PET of rat head after administration of 18F-FCWAY was used to confirm that the distribution of radioactivity measured in brain is dominated by binding to 5-HT1A receptors and to reveal the extent of defluorination of 18F-FCWAY in vivo as represented by radioactivity (18F-fluoride ion) uptake in skull. Cimetidine, diclofenac, and miconazole, known inhibitors of CYP450 2EI, were tested for the ability to inhibit defluorination of 18F-FCWAY in rat liver microsomes in vitro. The effects of miconazole treatment of rats on skull radioactivity uptake and, in turn, its spillover on brain 5-HT1A receptor imaging were assessed by PET with venous blood analysis.
PET confirmed the potential of 18F-FCWAY to act as a radioligand for 5-HT1A receptors in rat brain and also revealed extensive defluorination. In rat liver microsomes in vitro, defluorination of 18F-FCWAY was almost completely inhibited by miconazole and, to a less extent, by diclofenac. In PET experiments, treatment of rats with miconazole nitrate (60 mg/kg intravenously) over the 45-min period before administration of 18F-FCWAY almost obliterated defluorination and bone uptake of radioactivity. Also, brain radioactivity almost doubled while the ratio of radioactivity in receptor-rich ventral hippocampus to that in receptor-poor cerebellum almost tripled to 14. The plasma half-life of radioligand was also extended by miconazole treatment.

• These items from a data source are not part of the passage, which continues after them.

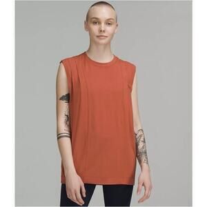 Lululemon Women Modal Pleated Shoulder Tank Top Red Rock Rust Orange Relaxed 14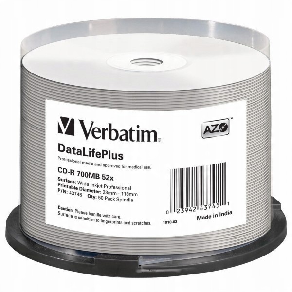 Вербатим CD-R 700MB 52x для друку для друку без ідентифікатора без торта логотип 100 штук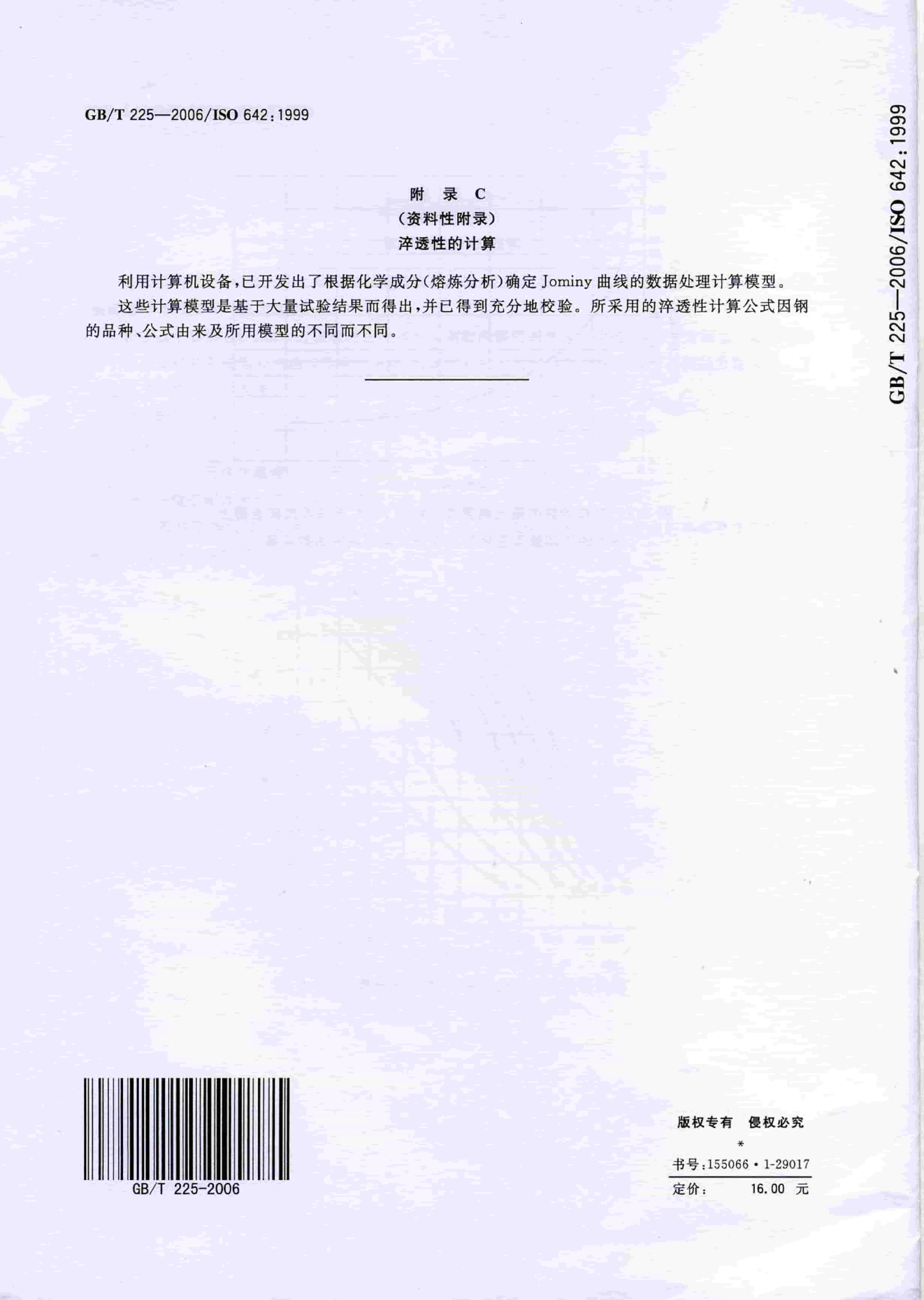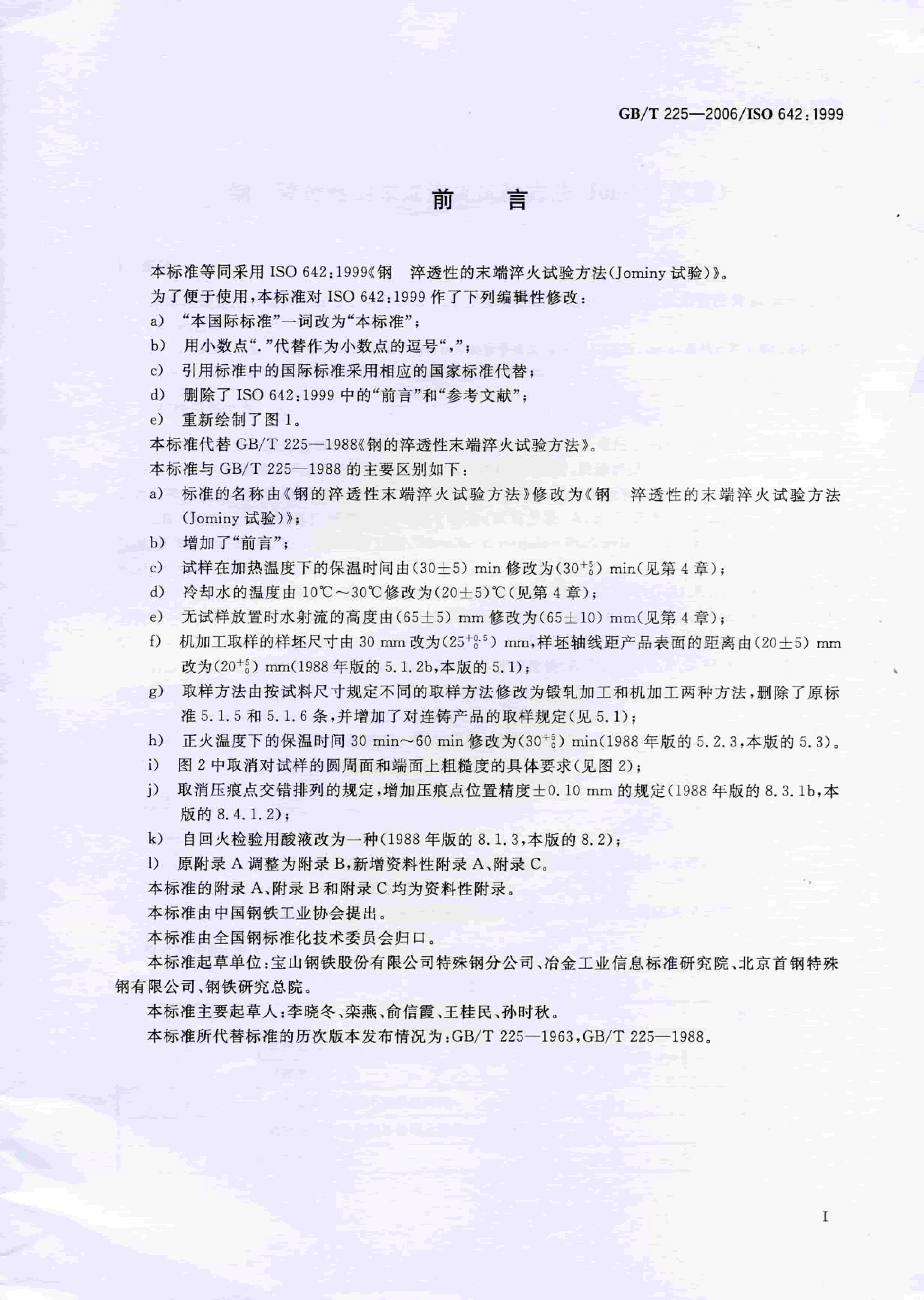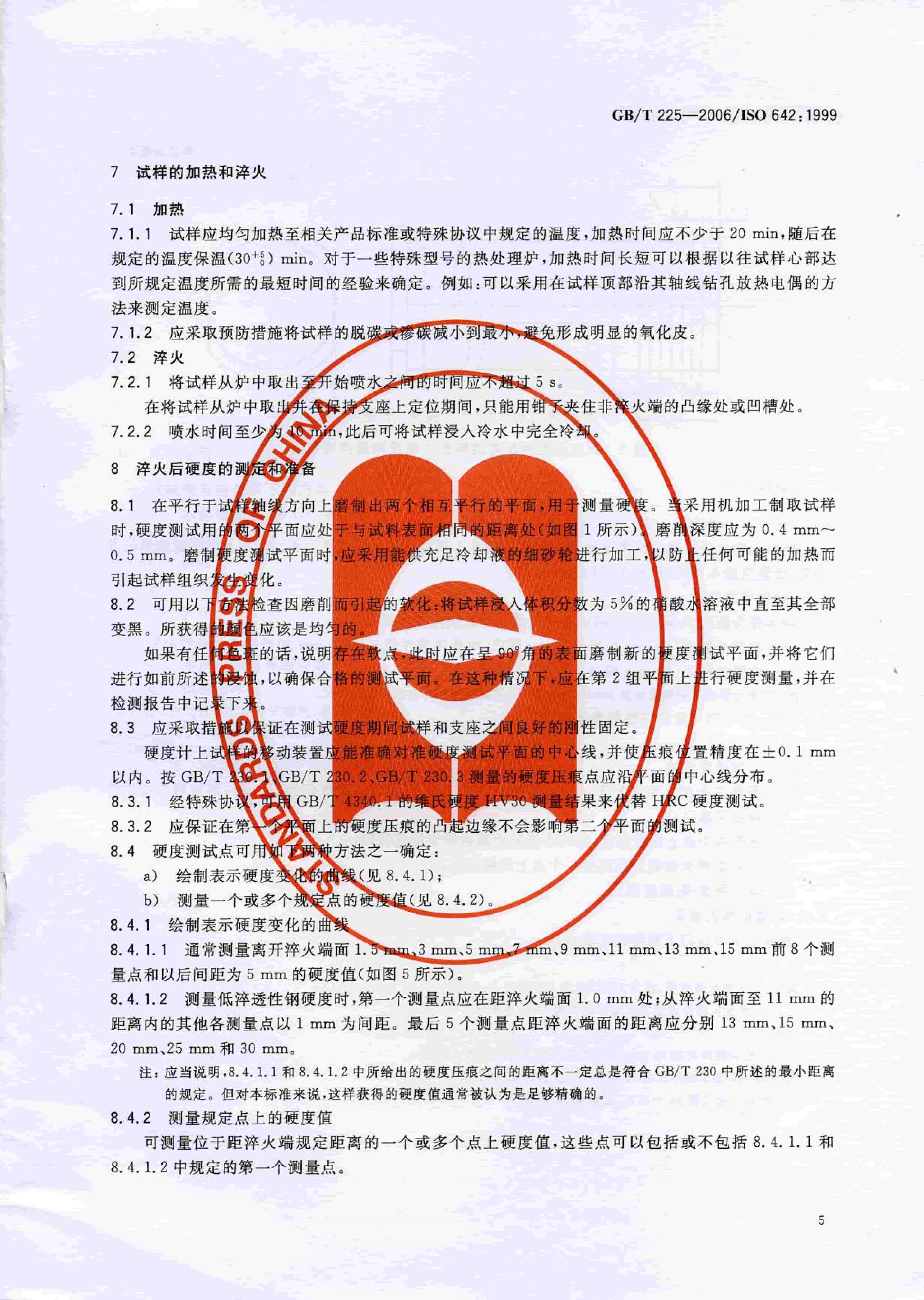 GBT 225-2006 鋼 淬透性的末端淬火試驗方法(Jominy 試驗)

Miconazole treatment, by eliminating defluorination of 18F-FCWAY, results in effective imaging of brain 5-HT1A receptors in rat. 18F-FCWAY PET in miconazole-treated rats can serve as an effective platform for investigating 5-HT1A receptors in rodent models of neuropsychiatric conditions or drug action.
18F-FCWAY(18F-反式-4-氟-N-(2-[4-(2-甲氧基苯基)哌嗪-1-基]乙基)-N-(2-吡啶基)环己烷甲酰胺)在正电子发射断层扫描(PET)临床研究中可用于测量人类受试者脑区的5-羟色胺1A(5-HT1A)受体密度,但由于脱氟作用,其在骨骼中有显著的放射性摄取。颅骨中的放射性摄取会因放射性通过部分容积效应的溢出而影响相邻脑区5-HT1A受体密度测量的准确性。我们的目的是通过大鼠模型证明,18F-FCWAY的脱氟作用在体内可能受到抑制,从而提高其在测量脑区5-HT1A受体密度方面的适用性。

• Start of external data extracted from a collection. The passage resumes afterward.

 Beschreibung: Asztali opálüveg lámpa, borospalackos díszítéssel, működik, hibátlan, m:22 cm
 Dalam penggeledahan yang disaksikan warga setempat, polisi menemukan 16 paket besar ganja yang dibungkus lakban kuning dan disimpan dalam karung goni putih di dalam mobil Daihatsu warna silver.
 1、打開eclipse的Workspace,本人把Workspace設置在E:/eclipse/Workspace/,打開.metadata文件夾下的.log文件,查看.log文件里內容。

给予18F-FCWAY后对大鼠头部进行PET检查,以确认脑中测量到的放射性分布主要由与5-HT1A受体的结合所主导,并揭示18F-FCWAY在体内的脱氟程度,以颅骨中放射性(18F-氟离子)摄取来表示。西咪替丁、双氯芬酸和咪康唑是已知的细胞色素P450 2EI抑制剂,在体外对大鼠肝微粒体中18F-FCWAY脱氟作用的抑制能力进行了测试。通过PET和静脉血分析评估咪康唑对大鼠的治疗对颅骨放射性摄取的影响,以及进而对脑5-HT1A受体成像的溢出影响。
PET证实了18F-FCWAY作为大鼠脑内5-HT1A受体放射性配体的潜力,同时也揭示了广泛的脱氟现象。在体外大鼠肝微粒体中,咪康唑几乎完全抑制了18F-FCWAY的脱氟作用,双氯芬酸的抑制作用较小。在PET实验中,在给予18F-FCWAY前45分钟内静脉注射硝酸咪康唑(60毫克/千克)对大鼠进行治疗,几乎消除了脱氟作用和放射性在骨骼中的摄取。此外,脑放射性几乎增加了一倍,而富含受体的腹侧海马体中的放射性与受体较少的小脑的放射性之比几乎增加了两倍,达到14。咪康唑治疗还延长了放射性配体的血浆半衰期。
咪康唑治疗通过消除18F-FCWAY的脱氟作用,实现了大鼠脑5-HT1A受体的有效成像。在咪康唑治疗的大鼠中进行18F-FCWAY PET可作为研究神经精神疾病或药物作用的啮齿动物模型中5-HT1A受体的有效平台。